This is a great quote - I am glad to read it! And I second all that Martin has posted. 

It is critical to understand that our children, while having all the benefits of being in a Christian home, are still born totally depraved and in need of the gospel! We simply cannot assume or presume that they are regenerate, and I am glad to hear what Pastor Phillips is saying. What he offers in this regard is simply Biblical! It is, as others have noted, "right on the money."

Often those who push Presumptive Regeneration _almost_ sound like Baptists - they baptize their children because they believe them to already be regenerate. That is why Baptists baptize people!!

It is funny though the lines that we draw and the way we use labels. I preached a sermon recently on family worship that one person said sounded "Presbyterian"! HA. All because I was presenting a strong Biblical view of the Christian home. This reiterates the point that is often missed on this board - Baptists and Presbyterians do have a lot in common!!

Phillip



[Edited on 9-27-05 by pastorway]


----------



## Pilgrim (Sep 27, 2005)

> _Originally posted by fredtgreco_
> 
> 
> > _Originally posted by Brian_
> ...



I thought so, Fred, but since I'm new to the list, I'm thankful for the clarification. 

Speaking of gnosticism, I had a paedocommunion advocate accuse the WLC of gnosticism (specifically Q. 177) when I pointed out that it precluded the practice! I suppose to him, gnosticism=knowledge of the truth.


----------



## Scott Bushey (Sep 27, 2005)

> It is critical to understand that our children, while having all the benefits of being in a Christian home, are still born totally depraved and in need of the gospel!
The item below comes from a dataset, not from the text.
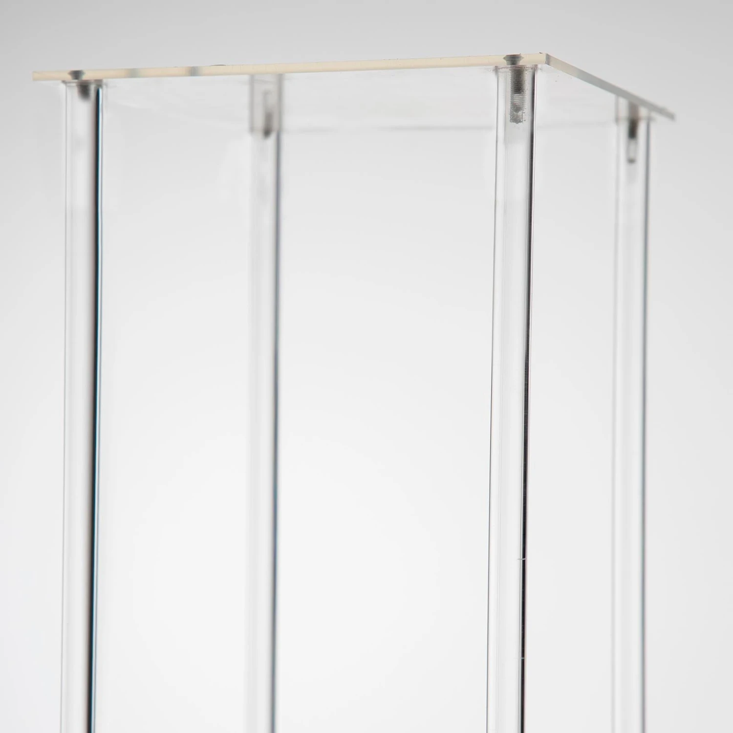 - How to Care: Cleaning acrylic pillar stand should consist of wipe-cleaning with a soft rag or cloth while using a non-abrasive cleaner. For light stains or debris, you can also use canned air or clean water with a microfiber cloth. You should never use window cleaners, cleaning solvents with ammonia, or other chemical sprays as they can scratch or damage your acrylic products.

I know of no PR/PE that would argue w/ that.




> We simply cannot assume or presume that they are regenerate



Matter of opinion.........



> Often those who push Presumptive Regeneration _almost_ sound like Baptists - they baptize their children because they believe them to already be regenerate. That is why Baptists baptize people!!



Regeneration and conversion are two entirely different things. Seeds need water, sun, nurturing, etc.



> Baptists and Presbyterians do have a lot in common!!



We do. The things that unite us are the most important things, i.e. Christ and His Gospel of grace!


----------